L’école à Balan

En recoupant les données issues du questionnaire et des entretiens, et en nous appuyant sur le dépouillement des registres scolaires conservés à l’école de Balan, nous avons identifié 19 villageois de Kina passés par cette école, ce qui constitue la quasi-totalité des effectifs concernés 228 . Nous avons effectué un entretien de la série K avec 9 d’entre eux.

Ces 19 villageois scolarisés à Balan ont été recrutés en 1974, 1976 ou 1978, au sein des trois premières cohortes de l’école de Balan (le recrutement étant biennal). Ils sont nés entre 1965 et 1971. Parmi eux, deux filles seulement.

Dans les entretiens, les enquêtés de cette génération font état de difficultés spécifiques liées à la scolarisation à Balan. Les déplacements quotidiens, à pied ou à vélo, pour parcourir les trois kilomètres qui séparent les deux villages sont parfois évoqués. Le plus souvent, le problème mentionné est celui du repas de midi, pour lequel plusieurs solutions ont été trouvées par les villageois de Kina, la possibilité que les enfants soient nourris sur place étant exclue. Au début, le repas leur était apporté depuis Kina chaque midi. Puis, ceux qui ont pu disposer de bicyclettes rentraient chez eux. Dans l’ensemble, les enquêtés insistent surtout sur des problèmes généraux de l’école malienne à cette époque. Plusieurs enquêtés reviennent notamment sur les excès de la « ruralisation », pédagogie mise en place sous la dictature de Moussa Traoré, qu’ils décrivent comme ayant consisté à accomplir des tâches physiques (aller chercher du bois, de l’eau) au bénéfice des enseignants. Finalement, le fait d’avoir dû aller à l’école à Balan, qui est souvent mentionné au niveau de la collectivité comme un problème 229 , ne semble pas avoir pénalisé outre mesure ces premiers élèves.

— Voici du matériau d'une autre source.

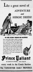Die Tageszeitung »The Democrat and Chronicle« aus Rochester, New York, veröffentlichte bereits sehr früh die „full pages“ von Prince Valiant (PV). Diese hier gezeigte Anzeige datiert vom 29. Juli 1937 und kündet den Start von PV in der Comic-Rubrik der nächsten Sonntagsausgabe am 1. August 1937 an. Das gezeigte Bild ist das erste Panel von Sonntagsseite #2.
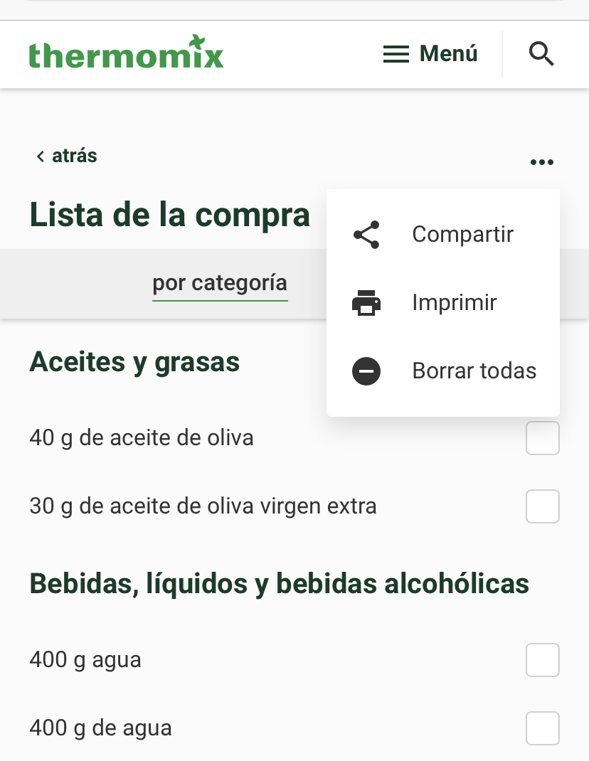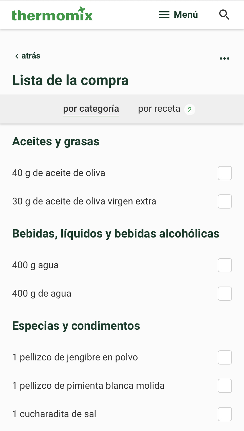 • ver los ingredientes por categoría, esto es muy practico cuando tenemos varias recetas y tenemos que hacer la compra , ya que te suma la totalidad de los ingredientes de todas las recetas que has seleccionado, y así te evitas ir receta por receta sumando ingredientes.
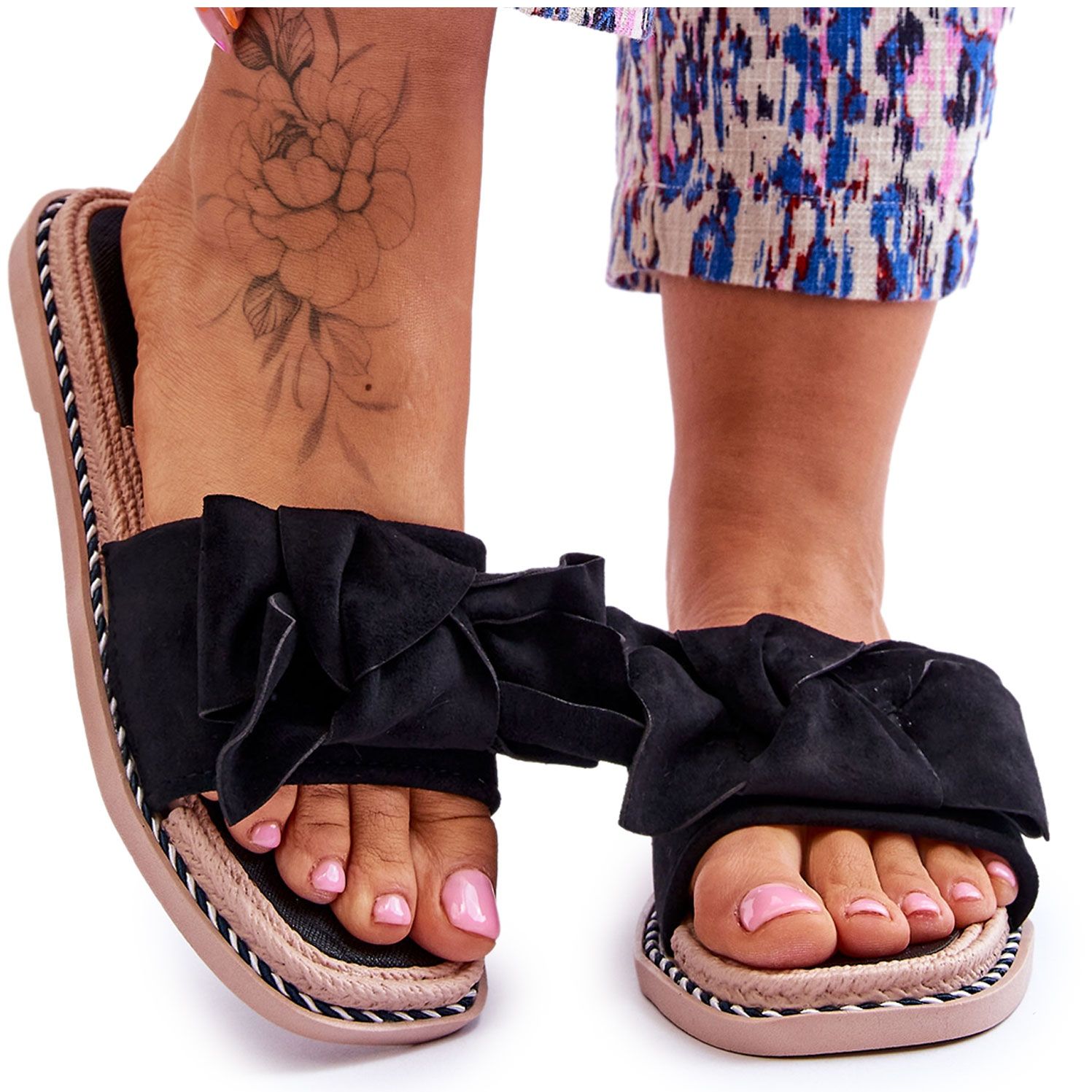 Inna marka Wildleder Damenhausschuhe mit Schleife Schwarzer Bernstein
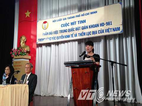 Tại cuộc mít tinh chiều 10/5, đông đảo hội viên Hội Luật gia cùng hàng trăm sinh viên trường Đại học Luật TP.HCM cực lực phản đối hành động Trung Quốc cố ý xâm phạm chủ quyền lãnh thổ Việt Nam, khiêu khích áp đặt theo kiểu bá quyền nước lớn, gây sự bất ổn định nghiêm trọng, đe dọa hòa bình, an ninh khu vực.
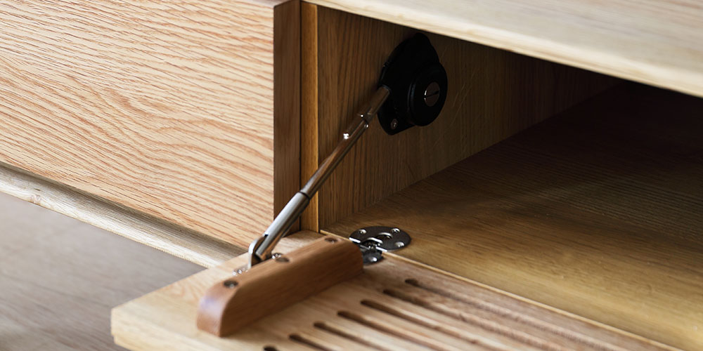 フラップ扉にはゆっくりと開くソフトダウンステーを使用しています。
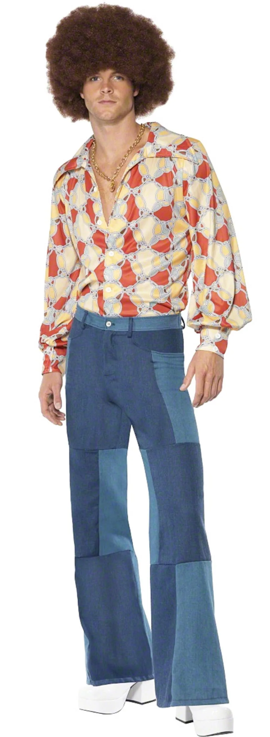 Mens Outfit. Included is a loud printed shirt and blue flared trousers.
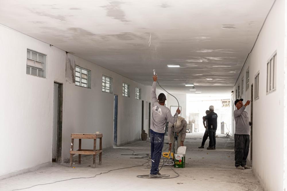 As obras de reforma e ampliação da Escola Elízia da Conceição, no Vale do Pedregal, avançam e já começam a transformar a estrutura da unidade. As novas salas de aula foram construídas, os telhados estão instalados e alguns setores já começaram a receber pintura de proteção e revestimentos, etapa que marca a fase de acabamento das intervenções.
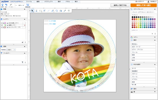 「スマプリ(R)デザイン」の缶バッジ編集画面
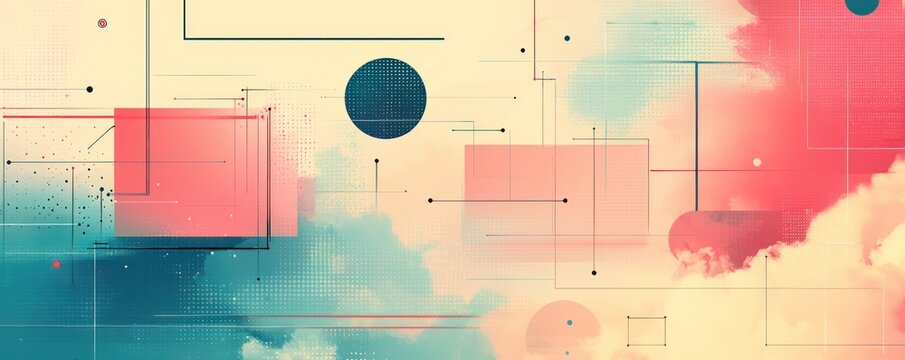 Modern design integrating cloud computing with data transfer and encryption, featuring sleek graphics and geometric shapes for enhanced security visualizations

Les entretiens font apparaître ces individus comme constituant le premier groupe de scolarisés, l’identification collective apparaissant ici pertinente, à la différence des deux premiers scolarisés du village. Leurs propos sont traversés de références aux autres scolarisés de la même promotion, ou aux autres scolarisés à Balan, ce qui permet d’identifier, pour ce groupe, l’émergence d’une conscience commune qui justifie l’usage du concept de génération au sens « historique ».

Notes
228.

Nous avons exclu les enfants de fonctionnaires résidant à Kina : deux enfants d’un moniteur agricole de la CMDT ; cinq enfants d’enseignants de l’école de Kina qui, arrivant en cours de scolarité, ont dû rejoindre l’école de Balan car les classes qui les concernaient n’étaient pas encore ouvertes à Kina. Par ailleurs, un homme et une femme ayant effectué quelques années de scolarité à Balan n’ont pu être identifiés avec précision (la femme a été mariée en dehors du village, quant au garçon nous ne savons s’il a quitté le village ou est décédé, aucune trace de lui n’apparaissant dans les réponses au questionnaire).

229.

Le fait de devoir à nouveau y envoyer des enfants, depuis l’ouverture d’un second cycle en 2003 à Balan, est également décrit comme quelque chose de très difficile.